• _DATA EXCERPTS_
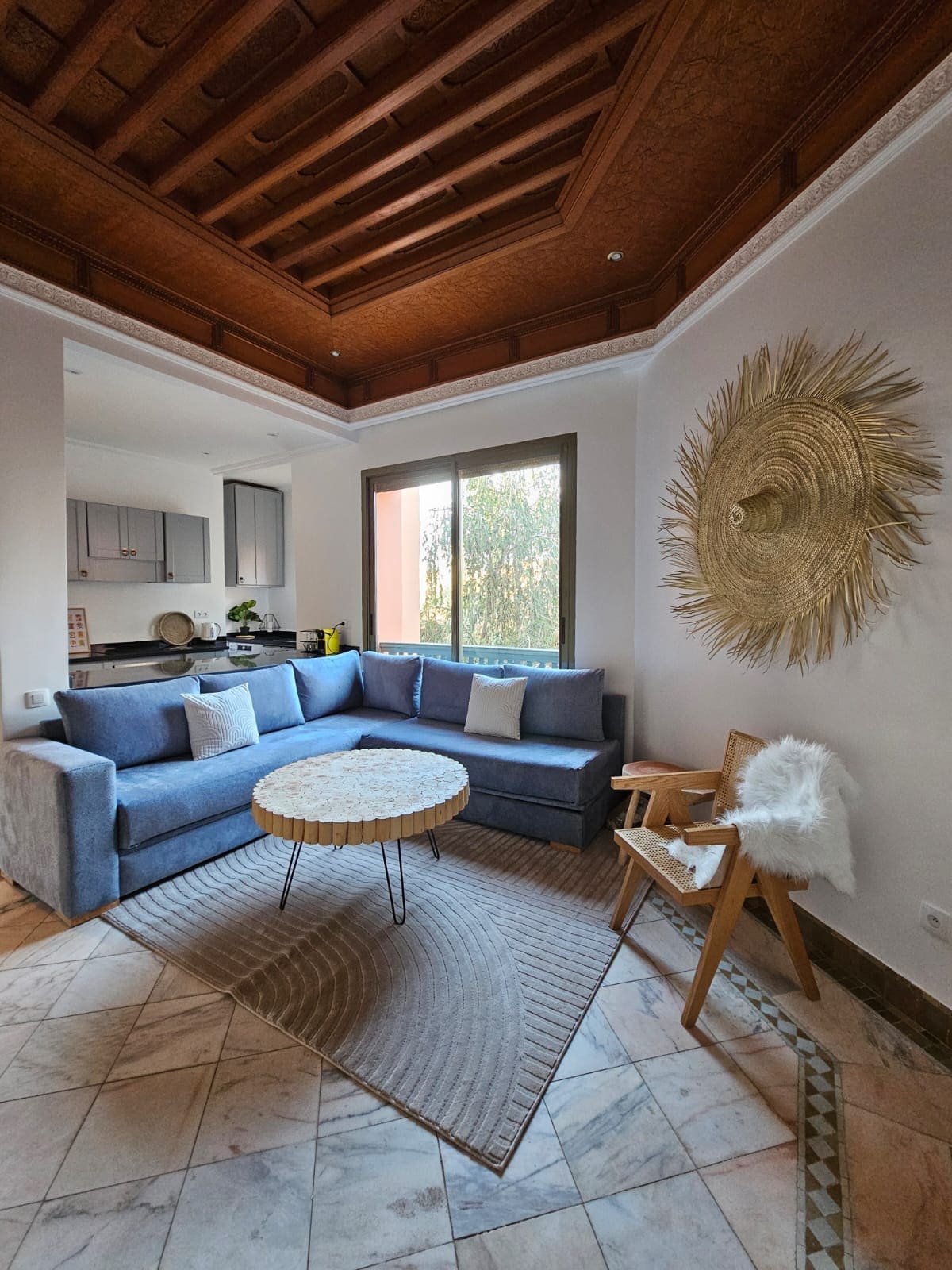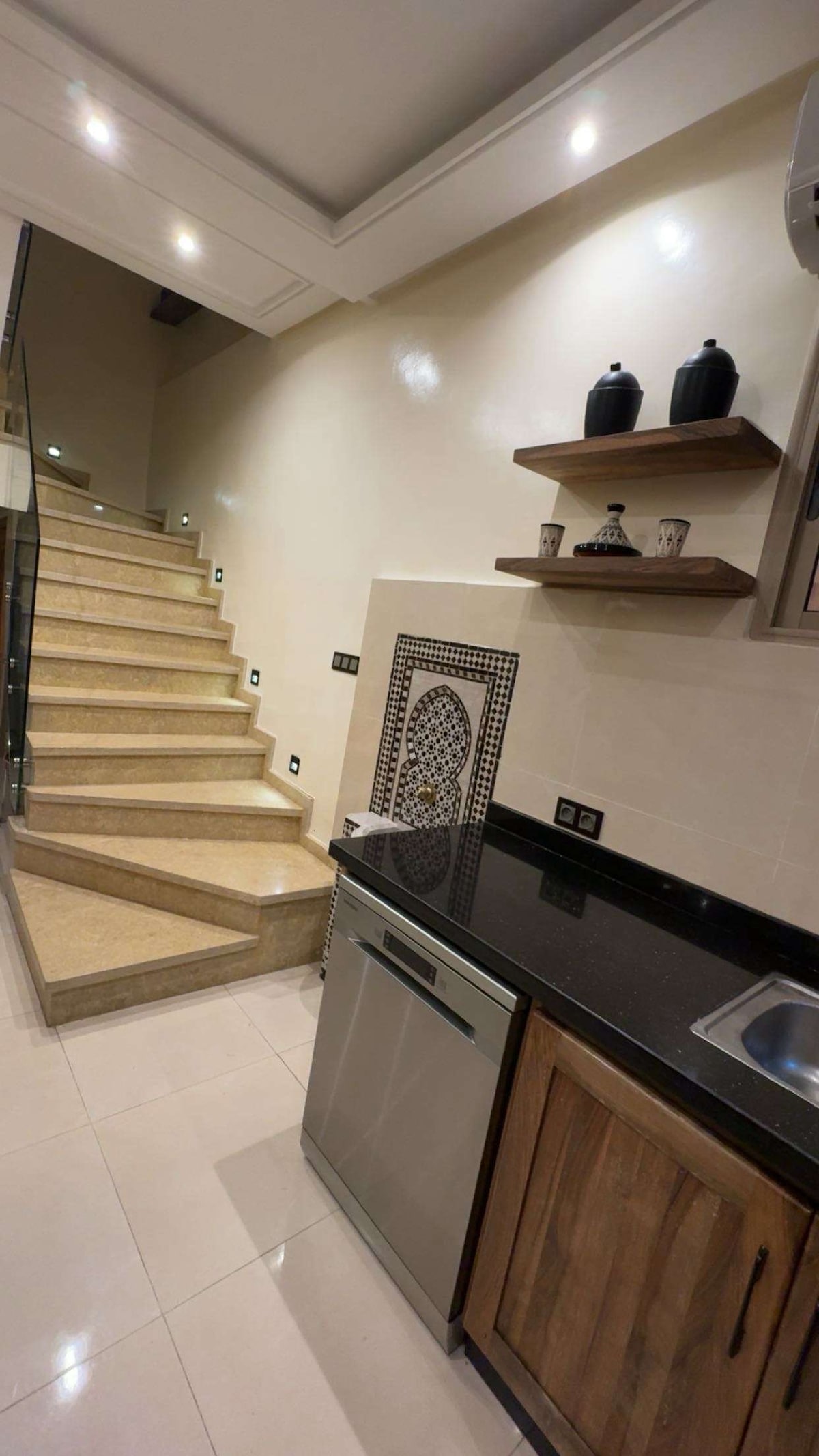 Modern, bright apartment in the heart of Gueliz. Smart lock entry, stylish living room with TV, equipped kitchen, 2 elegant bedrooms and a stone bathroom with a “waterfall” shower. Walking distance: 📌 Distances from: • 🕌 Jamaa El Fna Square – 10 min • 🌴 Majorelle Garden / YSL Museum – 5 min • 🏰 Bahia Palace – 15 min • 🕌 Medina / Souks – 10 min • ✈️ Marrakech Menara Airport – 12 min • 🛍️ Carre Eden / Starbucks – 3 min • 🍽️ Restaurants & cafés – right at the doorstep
---
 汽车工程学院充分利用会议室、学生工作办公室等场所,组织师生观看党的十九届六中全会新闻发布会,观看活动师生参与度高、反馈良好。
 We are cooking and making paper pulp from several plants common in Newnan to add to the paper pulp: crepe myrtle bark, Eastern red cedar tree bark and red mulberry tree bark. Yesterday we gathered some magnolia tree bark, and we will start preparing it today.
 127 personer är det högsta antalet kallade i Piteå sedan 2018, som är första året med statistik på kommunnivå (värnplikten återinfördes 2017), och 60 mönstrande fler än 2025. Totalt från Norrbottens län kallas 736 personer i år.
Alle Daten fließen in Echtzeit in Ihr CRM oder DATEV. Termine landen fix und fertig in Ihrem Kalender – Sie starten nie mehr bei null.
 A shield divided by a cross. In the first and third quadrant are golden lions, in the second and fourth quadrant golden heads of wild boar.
==
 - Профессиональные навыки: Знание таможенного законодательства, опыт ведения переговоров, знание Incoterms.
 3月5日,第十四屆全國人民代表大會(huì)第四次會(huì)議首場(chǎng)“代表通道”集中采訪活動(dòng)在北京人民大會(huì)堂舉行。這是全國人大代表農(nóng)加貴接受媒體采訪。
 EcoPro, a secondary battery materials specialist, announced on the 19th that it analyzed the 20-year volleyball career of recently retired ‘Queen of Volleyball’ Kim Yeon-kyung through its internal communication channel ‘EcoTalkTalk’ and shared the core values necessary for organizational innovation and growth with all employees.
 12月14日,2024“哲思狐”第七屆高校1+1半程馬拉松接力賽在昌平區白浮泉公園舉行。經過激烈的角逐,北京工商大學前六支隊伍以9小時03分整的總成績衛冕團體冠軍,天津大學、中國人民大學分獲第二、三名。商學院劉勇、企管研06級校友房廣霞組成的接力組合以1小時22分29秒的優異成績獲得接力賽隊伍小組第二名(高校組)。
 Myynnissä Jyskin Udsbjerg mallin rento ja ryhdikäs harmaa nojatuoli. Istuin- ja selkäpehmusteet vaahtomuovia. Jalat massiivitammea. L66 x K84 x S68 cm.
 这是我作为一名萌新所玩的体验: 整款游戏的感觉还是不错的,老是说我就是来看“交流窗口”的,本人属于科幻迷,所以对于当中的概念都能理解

• _PROBLEM TO SOLVE_
Out of the data above, give again only the lines starting at the one holding "Alle Daten fließen" and ending at the one holding "A shield divided", unchanged.

• _RESPONSE BELOW_
Alle Daten fließen in Echtzeit in Ihr CRM oder DATEV. Termine landen fix und fertig in Ihrem Kalender – Sie starten nie mehr bei null.
 A shield divided by a cross. In the first and third quadrant are golden lions, in the second and fourth quadrant golden heads of wild boar.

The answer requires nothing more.